Reputation: 1510
I have a weird CSV that has "null" as a value, as well it has an empty cell as a value.
So my row looks like this:
null,0,0,0,1,,,,0,0,0,null
I'm doing nothing but reading and rewriting a file:
f = pd.read_csv(input_file,sep=',', quotechar='"', engine='python', converters={i: str for i in range(0, 155)})
f.to_csv(output_file, sep=',', escapechar=' ', quotechar='"', quoting=csv.QUOTE_MINIMAL, index=False)
Above is technically "renaming" a file, but this is to prove that I'm getting the same values for the whole file, later I'll trim certain columns (which I did already, but figured out data is wrong).

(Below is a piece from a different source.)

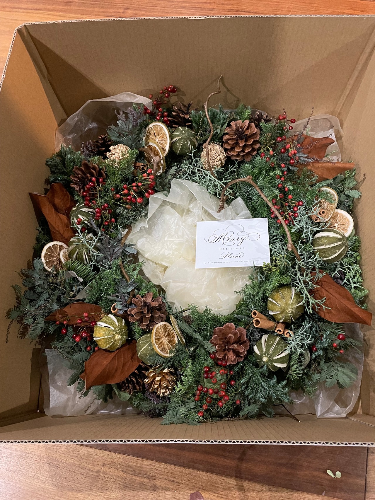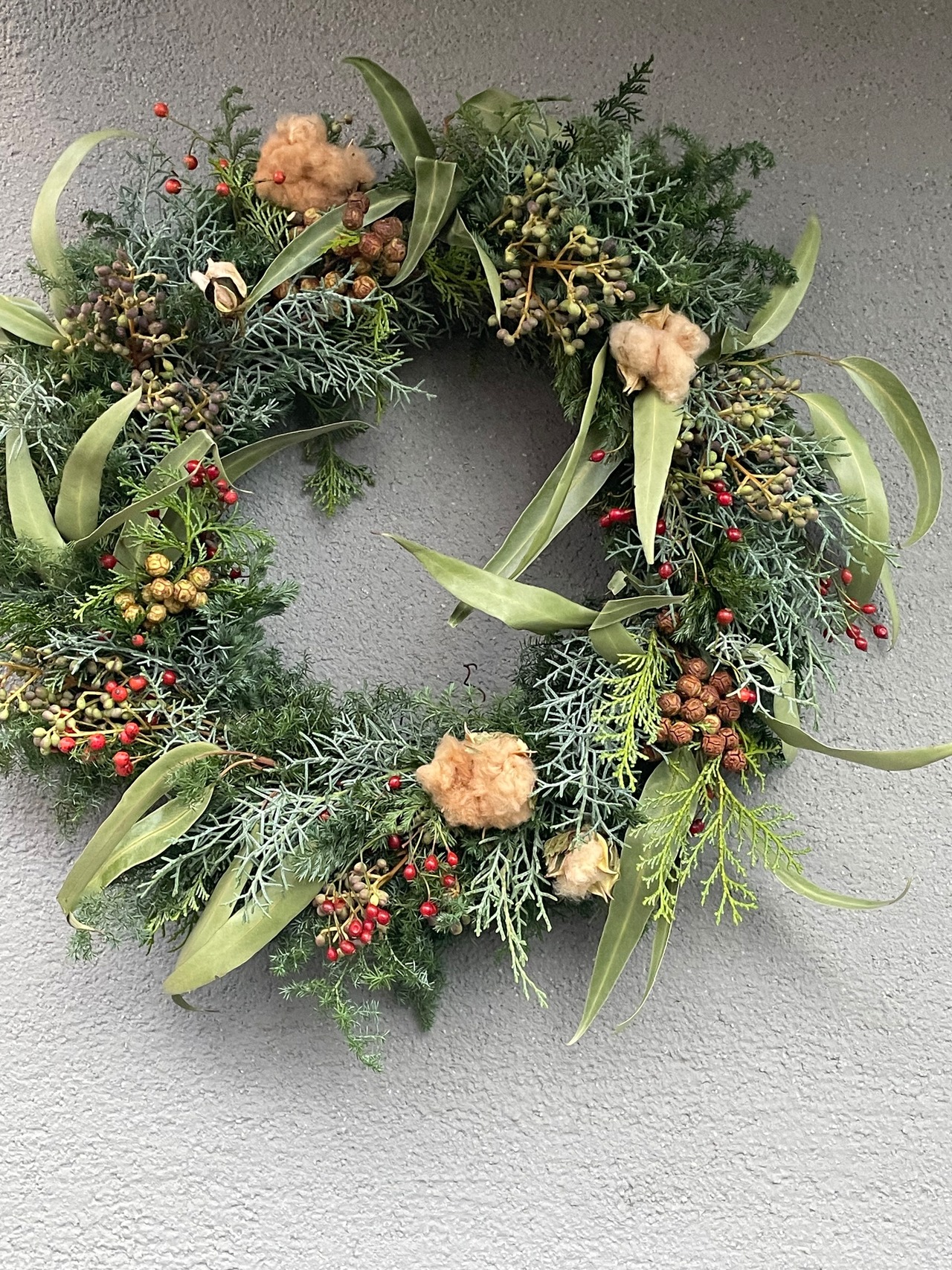 薩摩スギ、ブルーアイスなど針葉樹をたっぷり使って冬の植物のグリーンのグラデーションの
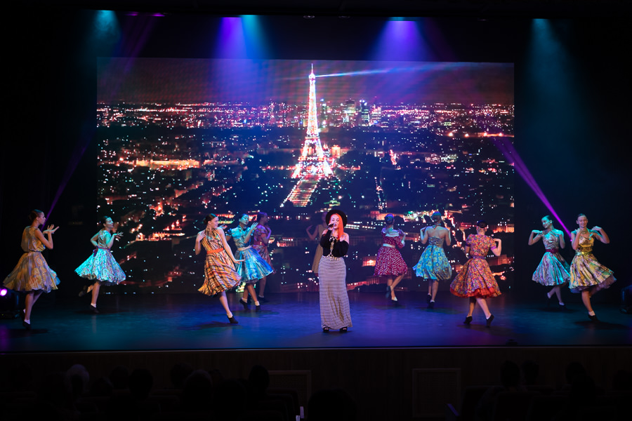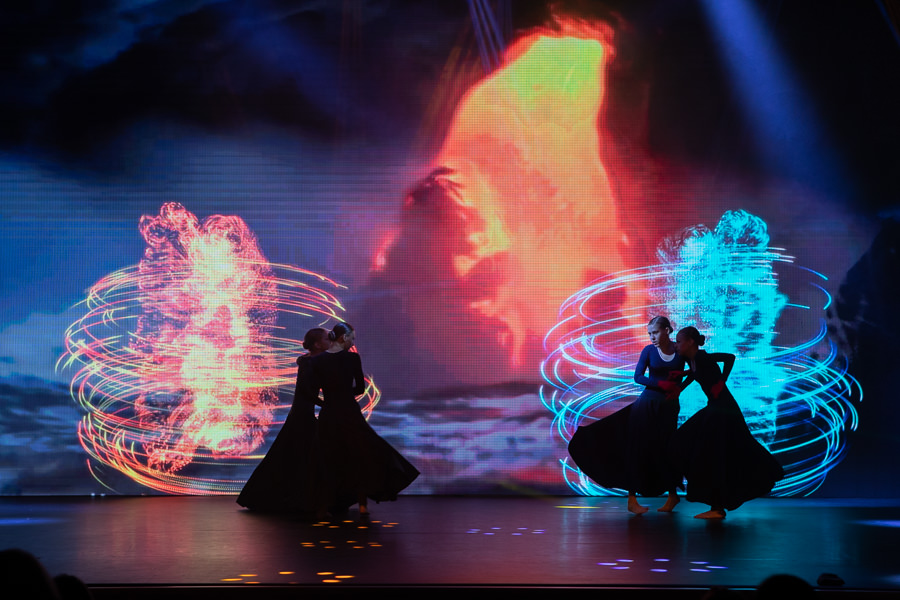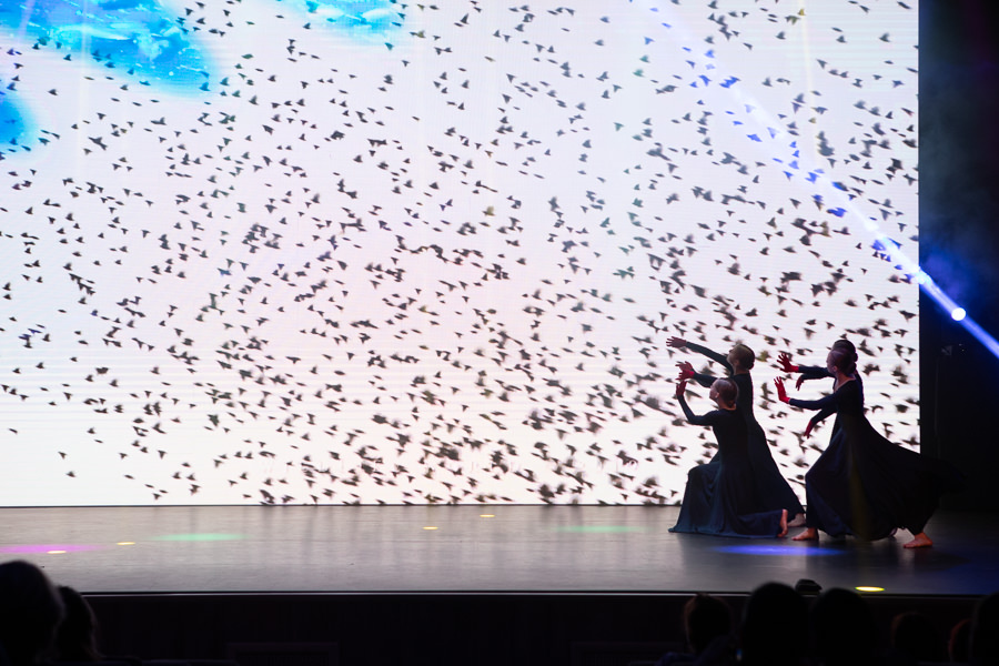 Большой зал оснащен новейшим сценическим оборудованием: светодиодный экран 9 м х 5 м, световое и звуковое оборудование.

So, how do I preserve both "null", and " " without reading each row/column, and making a function that checks every single cell?
Is that even possible?
I tried na_rep="null", but then all '' are converted to 'null', or if I drop them, then I loose my 'null' values.
Upvotes: 3
Views: 4598
Reputation: 18647
To ignore the handling of NaN
values altogether you can pass the na_filter=False
argument to read_csv
method:
f = (pd.read_csv(input_file,sep=',',
quotechar='"',
engine='python',
converters={i: str for i in range(0, 155)},
na_filter=False))
Alternatively, if you require a bit more control over how values are handled, you can exclude defaults and pass in your own list of na_values
. For example:
f = (pd.read_csv(input_file,sep=',',
quotechar='"',
engine='python',
converters={i: str for i in range(0, 155)},
na_values=['nan', 'NaN'],
keep_default_na=False))
The default values that will be automatically coerced to NaN
are
default_na_values = ['', '#N/A', '#N/A N/A', '#NA', '-1.#IND', '-1.#QNAN', '-NaN', '-nan',
'1.#IND', '1.#QNAN', 'N/A', 'NA', 'NULL', 'NaN', 'n/a', 'nan', 'null']
Upvotes: 5